Замятин в воспоминаниях о Блоке описывает один из дней поздней осени 1919 года: "Петербург – выметенный, опустелый; забитые досками магазины; разобранные на дрова дома; кирпичные скелеты печей. Обтрепанные обшлага; поднятые воротники; фуфайки; вязанные свитеры… Лихорадочная попытка перегнать нужду и какие-то новые, минутные, непрочные затеи, какие-то новые заседания – из заседания в заседание. И вот – поздно вечером, после трех или, может быть, четырех заседаний – в одной из маленьких задних комнат «Всемирной Литературы»: столовая, под зеленым колпаком, лампа; лица в тени. Налево от дверей – теплая изразцовая лежанка и на лежанке, возле лежанки – Блок, Гумилев, Чуковский, Лернер, я – и кругленьким кубарем из угла в угол Гржебин.

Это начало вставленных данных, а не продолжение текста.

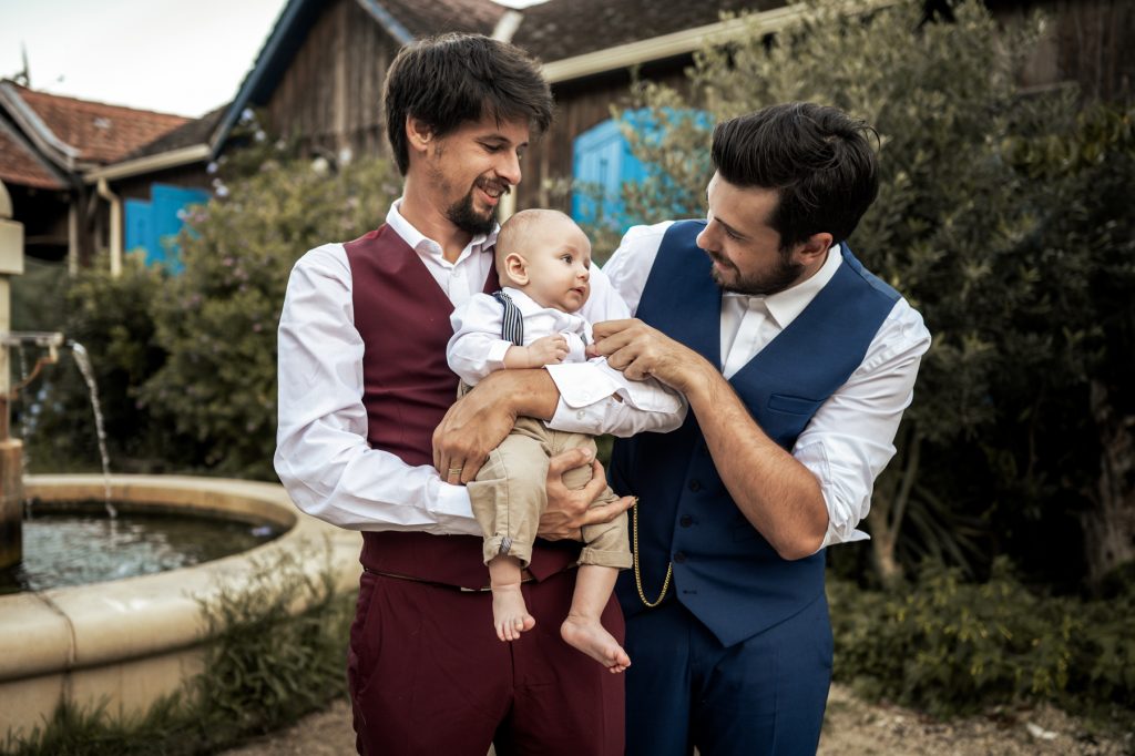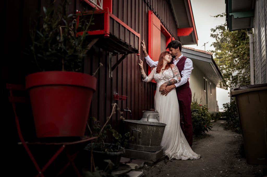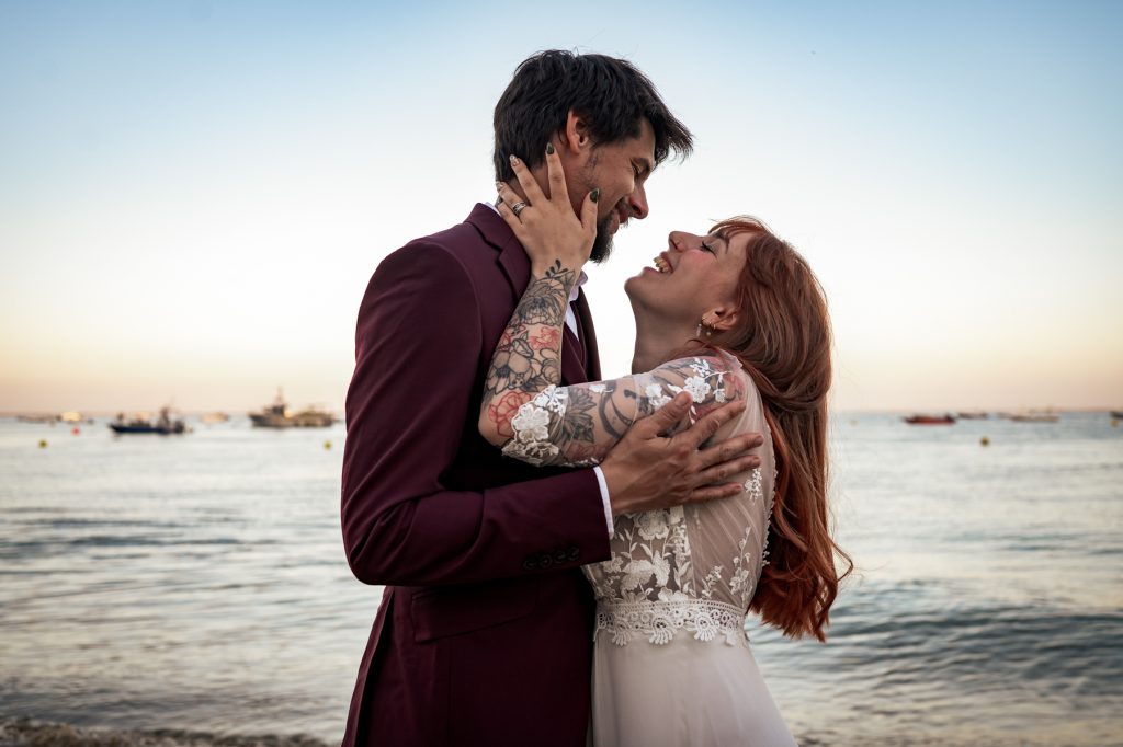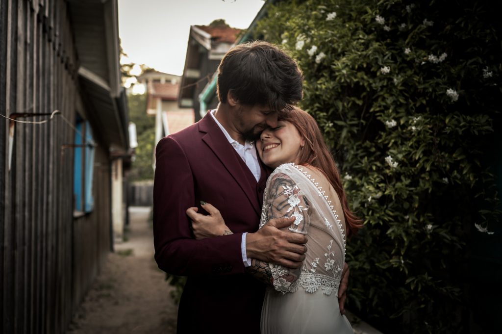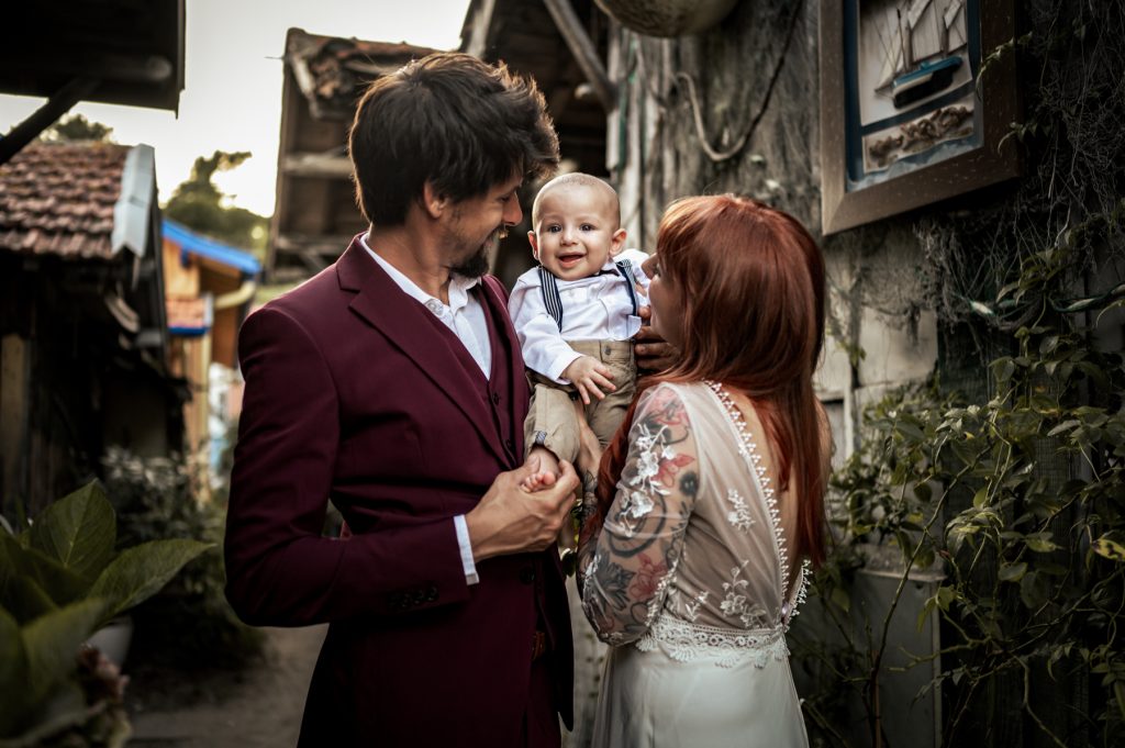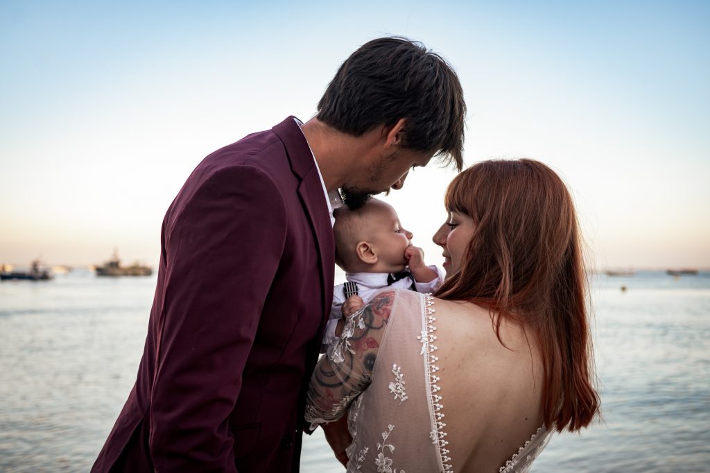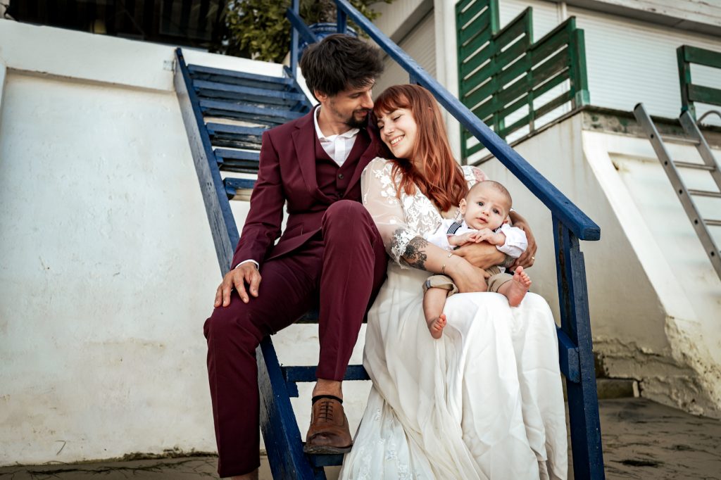 Aujourd’hui je vous embarque pour une séance vraiment pas comme les autres : les noces de coton de Jade et Benjamin ! Ces deux-là s’étaient dit oui en mode Peaky Blinders l’an dernier, ambiance années 20 et automne rock’n’roll. Et un an plus tard, me voilà à les retrouver au Cap Ferret, dans le mythique village de l’Herbe, avec un petit plus qui change tout : leur fils et leur chien Happy.

Трудно починить водопровод, трудно построить дом – но очень легко – Вавилонскую башню. И мы строили Вавилонскую башню: издадим Пантеон Литературы российской – от Фонвизина до наших дней. Сто томов". Писатели обсуждают Пантеон всерьез – разве что с легкой тенью недоверчивой улыбки.

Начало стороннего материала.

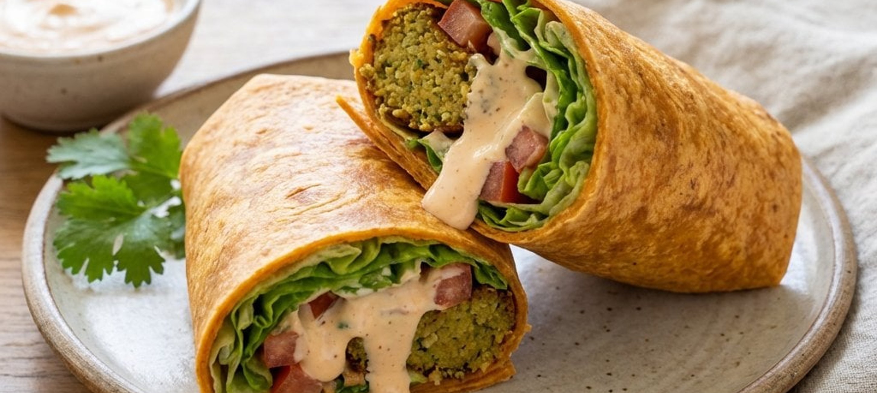 - 8Hajtsuk félbe a tortillákat, töltsük meg salátával, falafellel, és bőségesen locsoljuk meg a chili-lime majonézzel. Jó étvágyat!
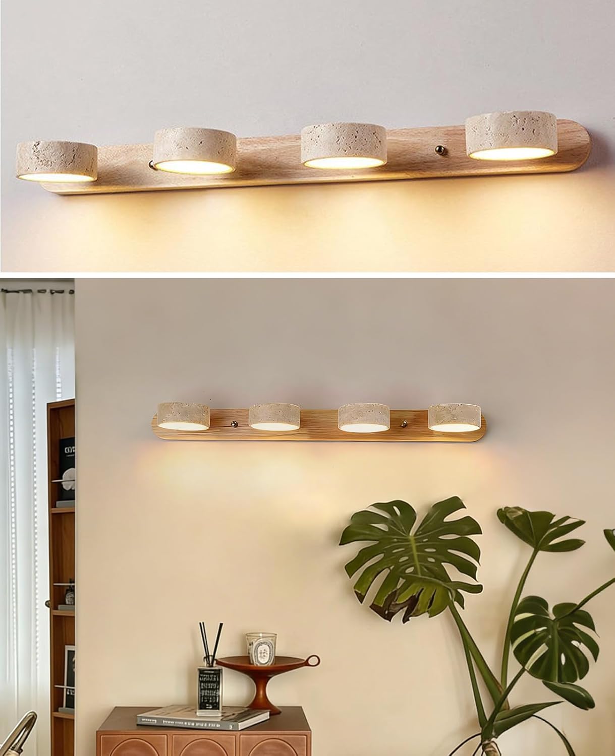 Assembled Dimensions: Stone Lampshade: 3.9" Diameter x 1.6" HeightRectangle Wooden Backplate: 19.69" Length x 2.4" WidthStyle: ModernColor: YellowMaterial: Stone + WoodBulb Type: LEDVoltage: 110VInstallation instructions:Open the package and check that all accessories are complete.Connect the power cable and ensure that it is correctly connected.After installation, turn on the switch to test whether the lamp works normally.Note:Be sure to cut off the power supply before installation to ensure safety.It is recommended to install by a professional electrician to avoid damage caused by improper operation.Clean the surface of the lamp regularly to keep it beautiful and bright.Packing list:1. Lamp body x 12. Install kit x 1

Надвигалась одна из самых тяжелых зим за всю историю Северной столицы – хуже была только следующая, да еще блокада в Великую Отечественную. Заботы о еде и дровах стали неотступным кошмаром. Топливный кризис достиг такой степени, что на заготовки дров стали мобилизовывать, как в армию. Электричества нет, потому что нет топлива. Денег нет, потому что экономика в коллапсе. Люди бегут из больших квартир в маленькие, сбиваются в самые крошечные комнаты, жизнь подтягивается поближе к буржуйкам и керосинкам. Особенно драматические описания этой зимы оставил Виктор Шкловский:

«Зимой замерзли почти все уборные. Это было что-то похуже голода. Да. Сперва замерзла вода, нечем было мыться… Мы не мылись. Замерзли клозеты. Как это случилось, расскажет история… Мы все, почти весь Питер, носили воду наверх и нечистоты вниз, вниз и вверх носили мы ведра каждый день. Как трудно жить без уборной».

«Была сломанность и безнадежность. Чтобы жить, нужно было биться, биться каждый день, за градус тепла стоять в очереди, за чистоту разъедать руки в золе».

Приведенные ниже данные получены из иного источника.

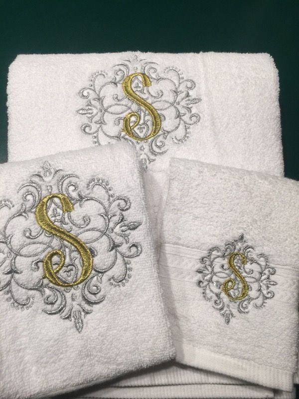 Personalized towel set . You can choose colors and letters .It’s 3 towels in set . With metallic threads embroidered. One large 30in x52 in , one smaller 16x30 in . And 13x13 in .100% cotton soft , durable , absorbent
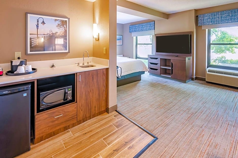 32-inch HDTV, sofa bed, work desk, microwave, refrigerator, free WiFi Enjoy extra space and comfort in this guest room which offers one king-sized clean and fresh Hampton bed®, plus a comfortable sofa bed to sleep an extra guest. Stay entertained with a variety of movies and HD channels on the 32-inch HDTV. Business amenities include a large work desk and free WiFi access. Refresh in the bathroom with a WaterPik showerhead and fluffy towels. This room also offers a microwave, refrigerator and coffeemaker to help you feel at home.
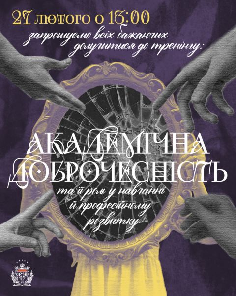 27 лютого запрошуємо студентів та викладачів на тренінг з академічної доброчесності, який проведе Козинець Анатолій Олександрович. Під час заходу ви зможе
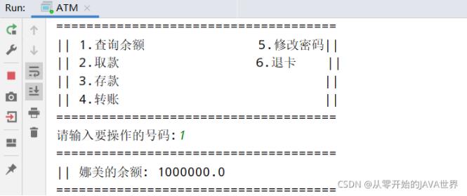 System.out.println("|| 1.查询余额 5.修改密码||");
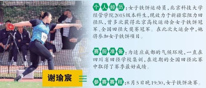 在此次成都大運會上,畢業於北科大的2名運動健兒將參加田徑項目角逐。他們曾在全國大學生田徑賽場上取得優異成績,也曾在首都高校運動會上打破塵封20餘年的賽會紀錄。他們的名字是:謝瑜宸、張悅。
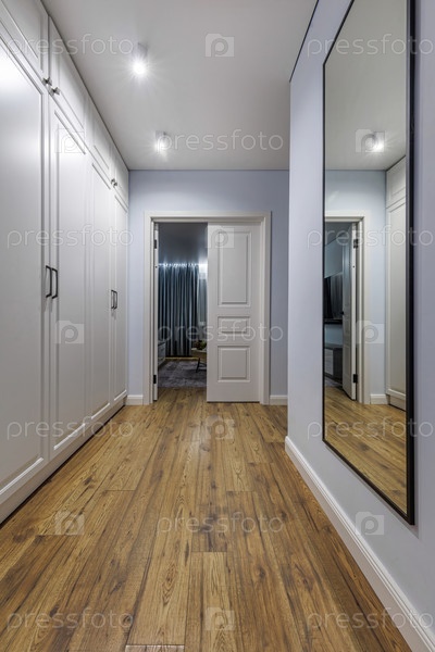 Современная прихожая с белыми шкафами и деревянным полом
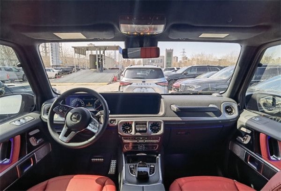 奔驰G550搭载的4.0L双增压V8发动力,搭配9挡手自一体变速箱,最大马力422马力,最大扭矩610N/m,车身尺寸 4764*1867*1954,前后轴距为2850mm,最小离地间隙205mm,油箱容积96L,百公里油耗市区约14.5L,高速约11L。强劲的楔形特征以及醒目的奔驰车标使其在静止不动的时候都能让人感受到他的奔放气息。
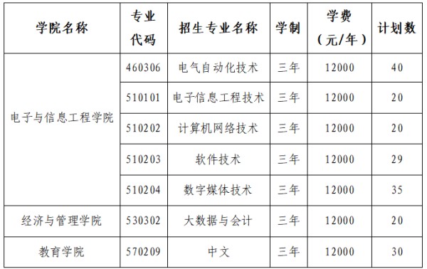 学校设置马克思主义学院、教育学院、电子与信息工程学院、经济与管理学院、艺术与体育学院5个二级学院,现有在校生12900余人。开设思想政治教育、汉语言文学、电子信息工程等33个本科专业及部分专科专业。建有省一流本科专业建设点1个,省一流课程4门,教育部高等学校教学指导委员会课程标准2门。
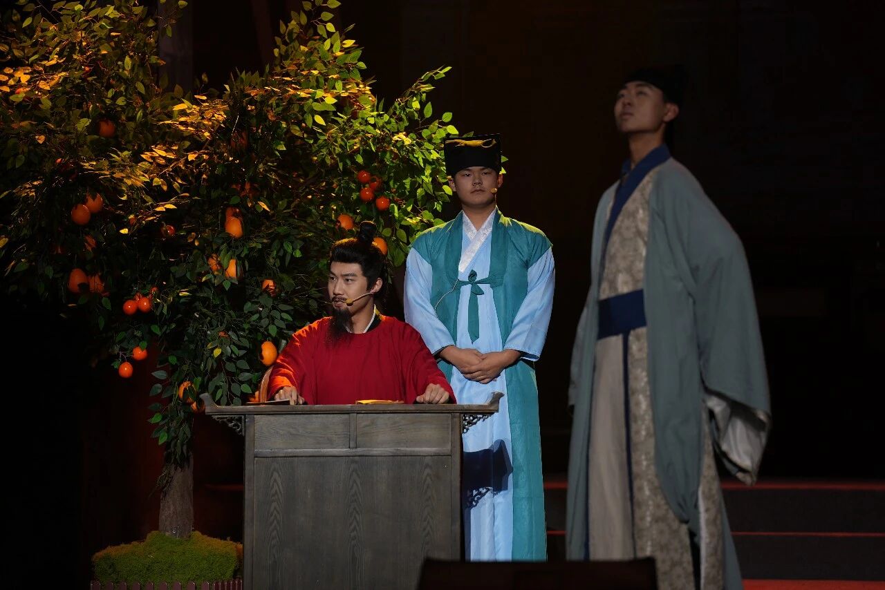 这场极具地方特色的《奉节十二时辰》舞台剧以时辰流转为脉络,通过精彩的情景演绎串联起奉节的历史文脉与乡土温情。开场光影秀《夔门开》气势磅礴,搭配童声朗诵《诗经》选段,勾勒出农耕文明的绵延脉络;《诗魂汇聚》情景表演中,陆游、李白等五位诗人“穿越”登台吟诵经典,与奉节山水相映成趣;《南门旧事》、《诗心传承》等节目则以方言情景剧、古今对话等形式,串联起乡愁记忆与“奉公守节”的精神传承。整场演出穿插多组歌舞与诗人互动,农民诗人们携脐橙、香茶等特产登台献诗,用质朴诗句赞美山水人文、勾勒丰收图景。此外,全国优秀诗人代表联袂展演,千人齐诵艾青《我爱这土地》,对祖国的深情告白震彻全场。活动尾声,全场观众举起手机,万点星光代替了千年江火,全场合唱《歌唱祖国》,新年的脚步也悄然临近,歌声陪伴观众在温馨诗意中跨越旧岁、迎接新程,定格下跨年之夜的美好瞬间。

«У мужчин была почти полная импотенция, а у женщин исчезли месячные».

«Умирали просто и часто… Умрет человек, его нужно хоронить. Стужа студит улицу. Берут санки, зовут знакомого или родственника, достают гроб, можно напрокат, тащат на кладбище».

«На ногах были раны; от недостатка жиров лопнули сосуды. И мы говорили о ритме, и о словесной форме, и изредка о весне, увидать которую казалось таким трудным…»

Как раз в начале этой зимы редколлегия «Всемирной литературы» и развлекалась сочинением прославленных впоследствии стихов для завхоза Левина (о дровах) и для мешочницы Розы Васильевны (о еде). «Святые слова „Дрова“» – это Блок. «Но у бледных губ моих / Стынет стих / Серебристой струйкой пара» – это Гумилев. А Чуковский иронически клеймил их за то, что они продали вдохновение за дрова и еду.

Корней Иванович, бесконечно занятый добыванием еды для семьи, заседаниями, лекциями, литературной студией, остатки времени и сил тратит на бескорыстную помощь другим. Постоянно носится по городу, хлопоча то о лошади для Кони, которому трудно ходить, то о родственнице Некрасова, то о голодном литераторе – добывает пайки, работу, деньги, переводы (а переводы оказываются плохими, и их приходится заново редактировать)… Идет к Горькому (тот, впрочем, и сам находится в постоянных хлопотах о ком-нибудь), бегает по инстанциям, доказывает: это наше достояние, это замечательные люди, они находятся в нечеловеческих условиях! Скоро его начинают считать чуть ли не волшебником, который может все: к нему идут с просьбами, которые он, если бы и хотел, выполнить не в состоянии.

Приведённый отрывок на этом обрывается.